Esther Dawt Chin Sung (အက်စတာဒေါ့သ်ချင်းဆုန်; born 20 February 1998) is a Burmese singer-songwriter of Chin ethnicity. She achieved national recognition when she won the fourth season of Myanmar Idol. Esther became the first female to win the Myanmar Idol. She also won the Chin Idol in 2017 and was the first winner of the National Performing Arts Competition.

== Early life and education ==
Esther Dawt Chin Sung was born and raised in Hakha, the capital city of Chin State, Myanmar. She has one younger brother and two younger sisters. She graduated from Yangon University of Economics with a Bachelor of Economics in early 2020.

==Career==
===2008: National singing competition ===
Esther started singing and performed publicly at a very young age in church, school and concerts. At the age of 10, she auditioned for the 16th edition of the National Performing Arts Competition, commonly abbreviated Sokayeti (ဆိုကရေးတီး) and won the competition. The song that she sang was "Metta".

===2017–2018: Chin Idol competition===
In 2017, she competed in the second season of the Chin Idol held in Hakha, and became the winner. After winning the Chin Idol, she was invited to perform in Australia, America, Singapore, Malaysia and Bangladesh by fellow Chin people usually with various famous Chin-Burmese singers such as Sung Tin Par, David Lai and Jenny Sui. She released her songs in Lai (Hakha dialect) in 2018 and also appeared as a solo artist on various popular Lai video albums including Christian music.

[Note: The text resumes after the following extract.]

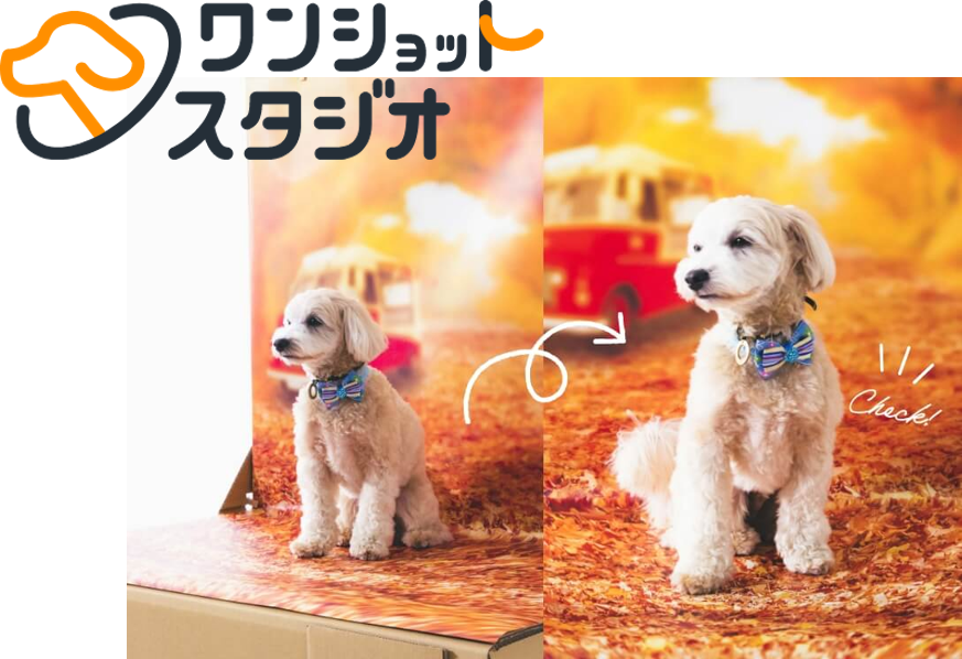 飼い主自身が操作しながら撮れるので、愛犬の自然な表情を引き出すことができ、独自のAIで、ペットの輪郭を切り取り、背景との合成写真が瞬時に出来上がります。

===2019: Myanmar Idol competition===
In 2019, she competed in the fourth season of Myanmar Idol. She passed Judges Audition, Golden week Theater round 1, Group Song Week in Treater round 2 of Golden Week, Solo Round, Green Mile and she was chosen top 11 finalist. Finally she reached to Grand Final and competed with Aye Mya Phyu, Benjamin Sum. After a public vote, she was declared the winner, receiving 70,000,000 kyats (equivalent to US$50,000.00) and a two bed-room condominium at the Star City in Yangon. Her winner's song "A Phyu Yaung" achieved international and national-wide chart success. During her homecoming to Hakha where a huge crowd of thousands fans gathered. She was designated as a state honorary person and awarded the honorary certificate by Chief Minister Salai Lian Luai and Chin State Government.

===2020–present: Performed in oversea concerts and activities===
Esther continues her career as a professional singer and performs in different parts of Myanmar and world-wide. After winning the Myanmar Idol, she made a tour to Singapore. She also travelled to Australia on 9 March 2020 with a first runner up, Benjamin Sum to support the Fund-Raising Activities of Chin for Australian bushfire victims.

==Discography==
===Single===
- Unseen (6.8.2020)
- Christmas Shi Yin (18.12.2020)

==Award==
- Joox Top 10 Popular Song Award for 2020

==Philanthropy==
Esther has supported various charitable organisations and causes in her career. She has contributed to organisations aimed at improving the lives and welfare of children in particular. She performed at the Bush Fire Fund Raising concert for the victim of fire amongst various other performers throughout the world and Myanmar.